上述跟踪算法在整个相关滤波学习过程中,没有对真正的背景信息进行建模,这是隐含在相关滤波框架中的另外一个容易产生过拟合的缺陷。因为训练集中的负样本是通过对中心目标块(唯一准确正样本)循环移位获取的,当目标与背景信息极其相似时,跟踪器容易漂移。在整个相关滤波学习过程中,放弃真实背景信息可能会降低学习到的跟踪器的判别力。为了缓解这一缺陷对跟踪器的影响,相继提出了CCOT[11]、ECO[12]、MDNet[13]、CREST[14]、CFCF[15]、DeepSRDCF[16]等基于深度特征的算法。这些算法或是提取深度特征或是运用深度学习框架,带来了很高的计算复杂度。虽然跟踪性能有了大幅度提升,但是实时性能却有所下降。这恰好也是视觉跟踪实际应用的一大障碍。为了克服以上缺陷,Galoogahi等人[17]提出了背景感知相关滤波(BACF)跟踪算法,可以从整帧图像中密集采样真正的负样本,仅采用手工特征(HOG特征)就能达到很高的跟踪性能,且能满足实时(33.9帧/${\rm{s}}$)需求。

本文的主要工作和创新点如下:

1) BACF算法利用一个掩码矩阵,通过密集采样的方法,获取真正的正、负样本对目标外观进行建模,已取得良好的跟踪效果。然而BACF算法在学习相关滤波器时,没有考虑滤波器的时间一致性问题,当目标出现快速运动或遮挡等外观突变时,学习到的相关滤波器会偏向背景而发生漂移。为了解决学习到的相关滤波器能够适应连续两帧之间的外观突变问题,本文的BTCF算法在BACF框架下,引入时间感知项,构造新的带等式限制的相关滤波目标函数,对学习到的相关滤波器进行惩罚来防止过拟合现象。本文的BTCF算法仅用当前帧信息,无需模型在线更新策略就能学习到具有更强判别力的分类器,将目标从背景中分离出来。

2) 本文的BTCF算法构建了一个带等式限制的相关滤波目标函数。为了减少计算复杂度,将带等式限制的相关滤波目标函数转化为无约束的增广拉格朗日乘子公式,采用交替方向乘子方法(ADMM)转化为两个具有全局最优解的子问题,迭代逼近目标函数的局部最优解。由于两个子问题都是凸光滑可微的,因此两个子问题分别有各自的闭式解且为子问题的全局最优解。

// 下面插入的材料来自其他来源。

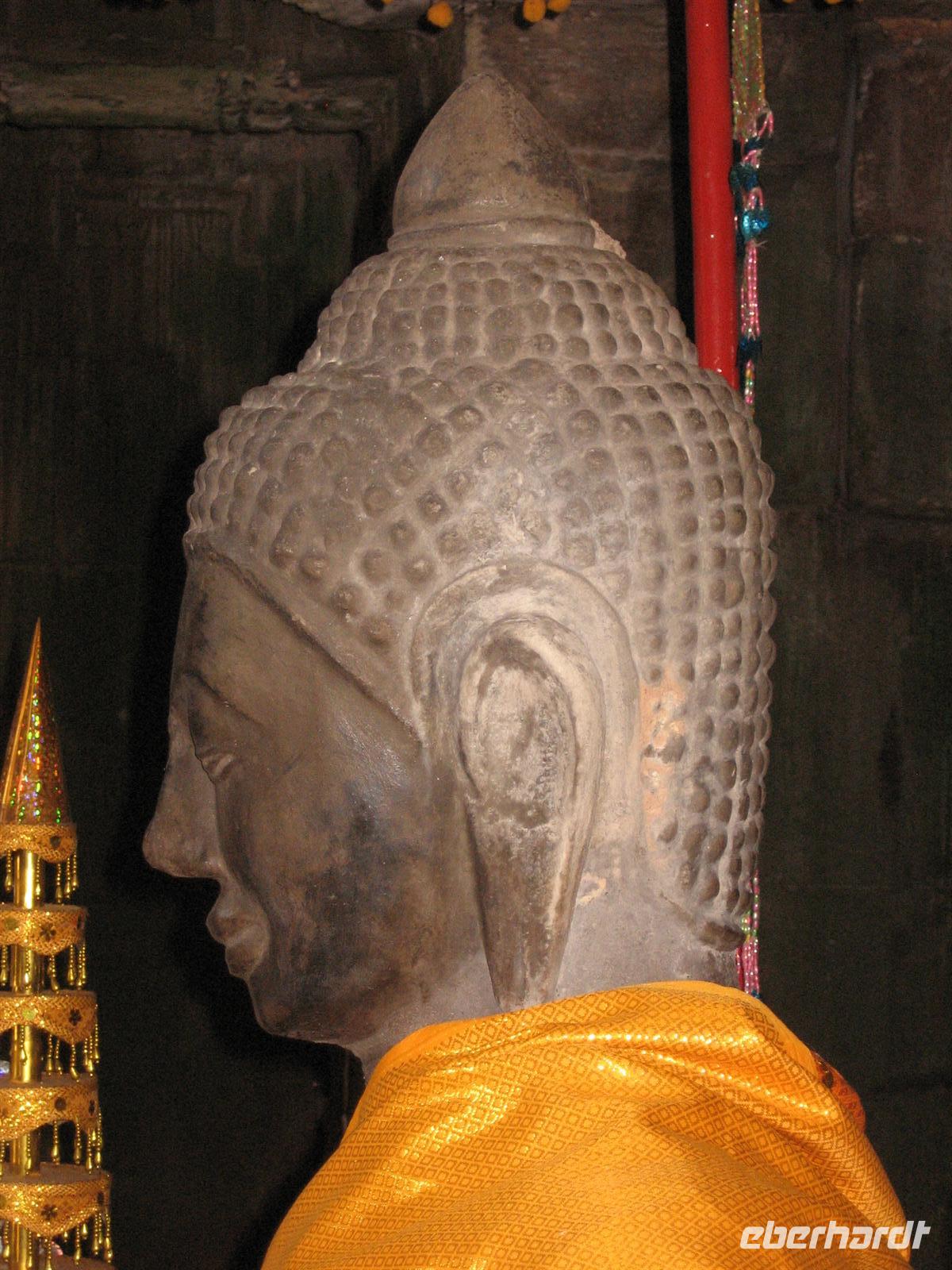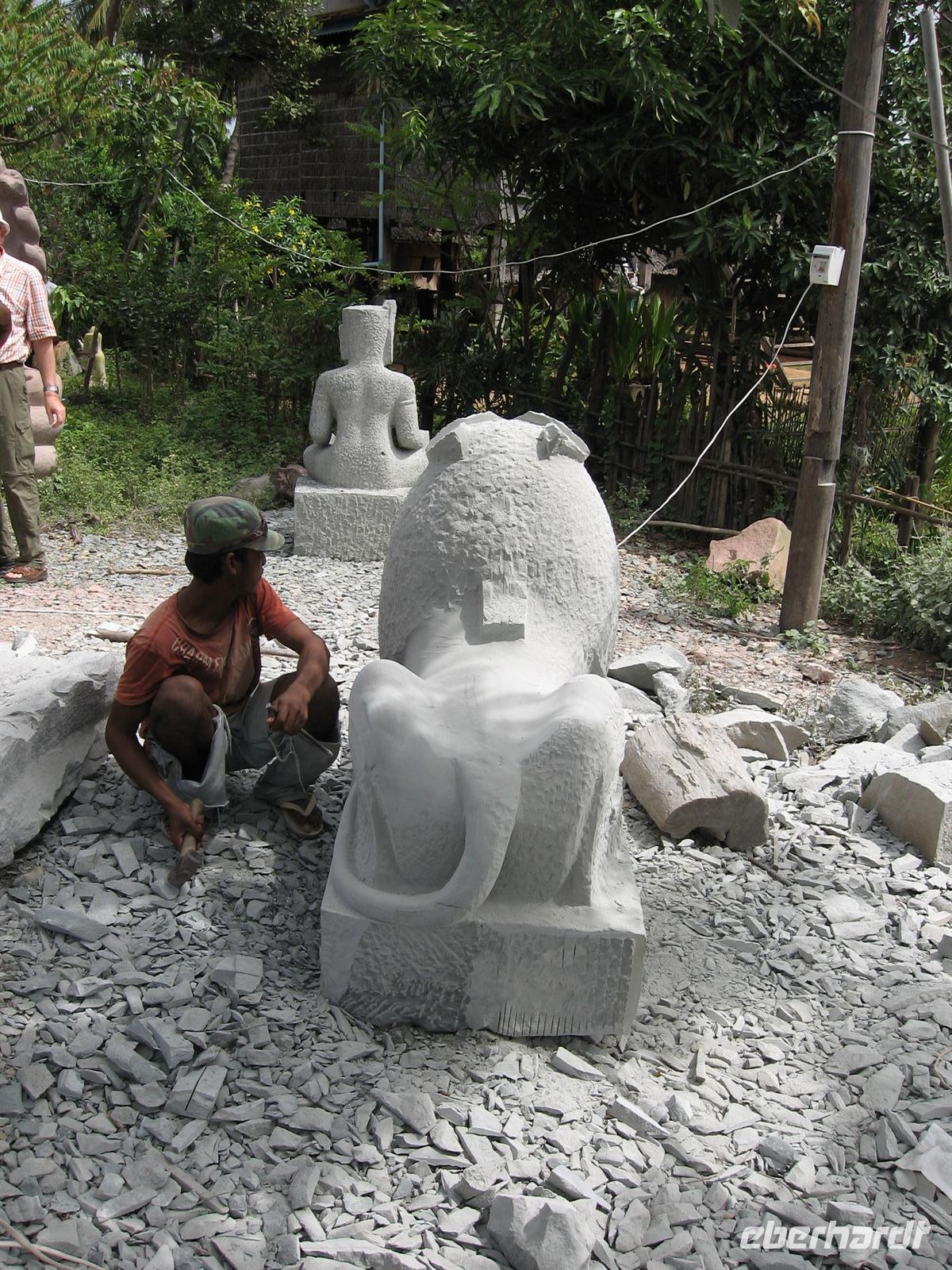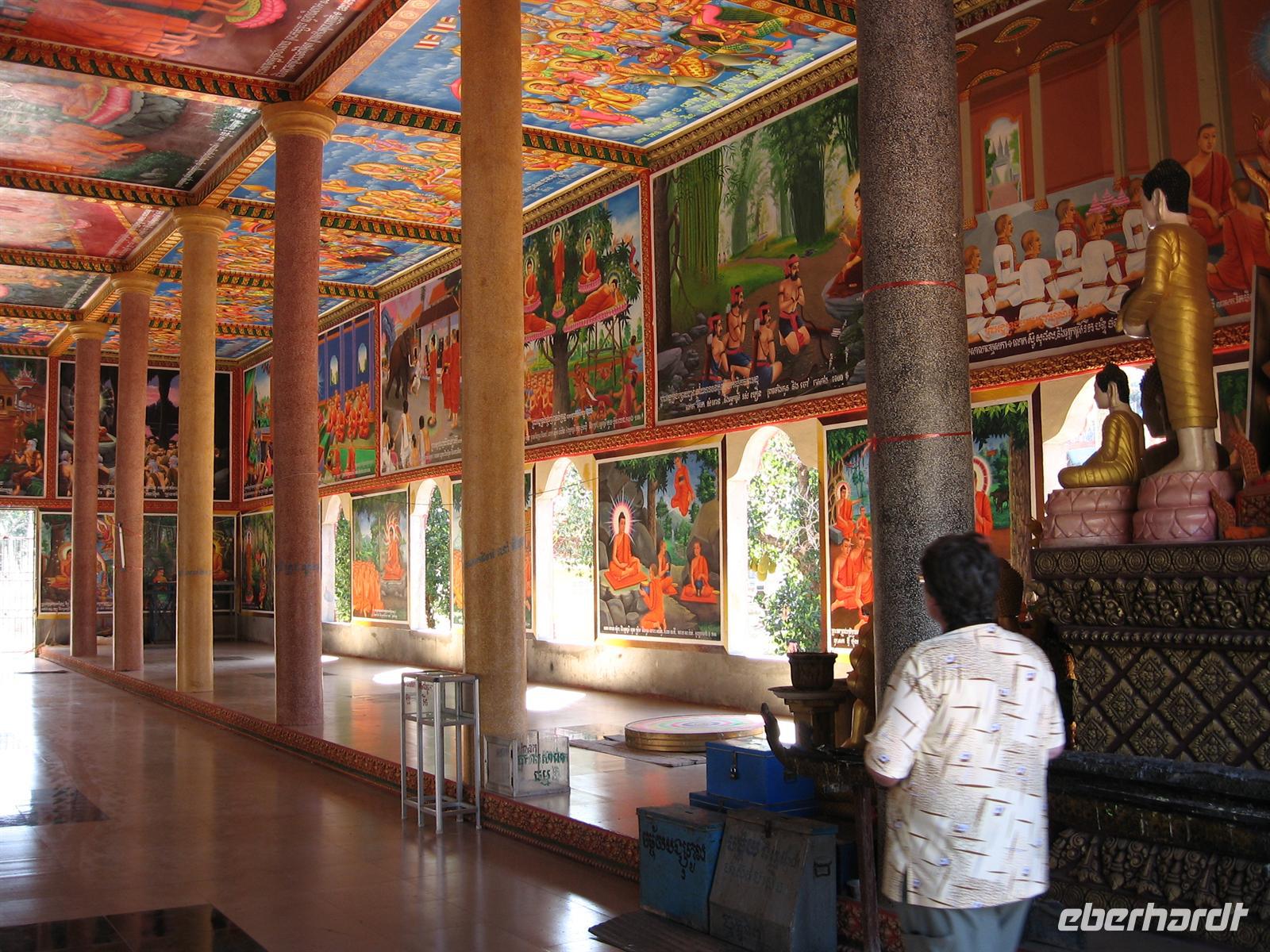 Altar eine grüne Buddhafigur zu sehen und davor steht in einer Glasvitrine eine Buddhafigur aus Purem Gold mit zahlreichen Edelsteinen verziert. Nicht weit entfernt vom Palast befindet sich das Nationalmuseum, ein markantes braunrotes Gebäude im traditionellen Khmerstil. Ausgestellt werden hier ca. 5000 Exponate, das Museum ist weltweit führend in der Sammlung von Khmerkunst. Die Khmer sind der Volksstamm der mit 90% in diesem Land die Stammbevölkerung stellt. Wir bestaunen die Ausstellungstücke aus den verschiedenen Epochen, vor allem sind es hinduistische Götter und Buddhafiguren. Abschließend besuchen wir noch das Hauptheiligtum der Stadt, das Wat Phnom. Ein kleiner Schrein erinnert an die Gründerin der Pagode, Frau Penh. Der Nachmittag steht wieder zur freien Verfügung. Ich biete meinen Gästen noch einen Besuch des Tuol-Sleng-Genozied-Museums an, einige entschließen sich dazu. Hier bekommen wir einen kleinen Eindruck vom schrecklichsten Kapitel kambodschanischer Geschichte. In diesem ehemaligen Gefängnis wurde zwischen 1976 und 1979 über 17000 Gefangene gefoltert und gedemütigt und anschließend zur Hinrichtung auf die Killing Fields gebracht. Schweigend verlassen wir das ehemalige Gefängnis, immer noch nicht begreifend, was in den Menschen vorgegangen sein muss, die diesen Völkermord zu verantworten haben. Zum Abendessen treffen wir uns alle wieder. Das Essen schmeckt gut, allerdings ist auch hier das Personal nicht das freundlichste. Vielleicht lag es ja am Wasserfest, das alle nur dahin wollen um dabei zu sein.

3) 从OTB2015公开数据库[18]上显示的跟踪结果可以看出,本文的BTCF算法在加入时间感知后,成功率曲线图线下面积(AUC)较BACF提升了1.3 %;由于颜色与边缘特征具有互补特性,因此本文在HOG特征的基础上融合CN颜色特征,AUC较BACF提升了4.2 %。纯手工特征跟踪性能在OTB2015数据库上100个视频的AUC为0.663,跟踪速度为25.4帧/${\rm{s}}$,能够达到实时跟踪的效果。

1 相关工作

本节简要介绍判别相关滤波算法的基本原理和背景感知相关滤波(BACF)算法。更详细的阐述参见文献[17-20]。

1.1 判别相关滤波(DCF)算法

判别相关滤波学习一个线性分类器或线性回归子属于监督学习的范畴,作为一种相关滤波跟踪框架,在多个视觉跟踪数据库上已经展示了强大的跟踪性能。判别相关滤波跟踪器的目标是在空域里从一个训练样本集$\left\{ {\left( {\mathit{\boldsymbol{x}}_m^k, {\mathit{\boldsymbol{y}}_m}} \right)} \right\}_{m = 1}^M, k = 1, \cdots , K$中学到一个多通道的相关滤波器$\left\{ {{\mathit{\boldsymbol{h}}^k}} \right\}_{k = 1}^K$。其中,$K$是特征通道的个数,$M$是训练集中样本的个数,$\mathit{\boldsymbol{x}}_m^k \in {{\bf{R}}^D}$表示从第$m$个训练样本中提取的向量化后的第$k$个通道的特征图,$D$表示特征图$\mathit{\boldsymbol{x}}_m^k$的大小,$\mathit{\boldsymbol{y}}_m \in {{\bf{R}}^D}$是对应于$\mathit{\boldsymbol{x}}_m^k$的高斯标签,${\mathit{\boldsymbol{h}}^k} \in {{\bf{R}}^D}$是对应于$\mathit{\boldsymbol{x}}_m^k \in {{\bf{R}}^D}$的相关滤波器。多通道相关滤波器$\left\{ {{\mathit{\boldsymbol{h}}^k}} \right\}_{k = 1}^K$关于第$m$个训练样本${\mathit{\boldsymbol{x}}_m}$的相关响应为

$ {S_h}\left( {{\mathit{\boldsymbol{x}}_m}} \right) = \sum\limits_{k = 1}^K {{\mathit{\boldsymbol{h}}^k} * \mathit{\boldsymbol{x}}_m^k} $ (1)

式中,$* $表示空域循环卷积。

相关滤波器$\left\{ {{\mathit{\boldsymbol{h}}^k}} \right\}_{k = 1}^K$可以通过求解最优化式(2)中岭回归的目标函数得到

$ E\left( \mathit{\boldsymbol{h}} \right) = \sum\limits_{m = 1}^M {{\alpha _m}\left\| {{\mathit{\boldsymbol{y}}_m} - {S_h}\left( {{\mathit{\boldsymbol{x}}_m}} \right)} \right\|_2^2} + \frac{\lambda }{2}\sum\limits_{k = 1}^K {\left\| {{\mathit{\boldsymbol{h}}^k}} \right\|_2^2} $ (2)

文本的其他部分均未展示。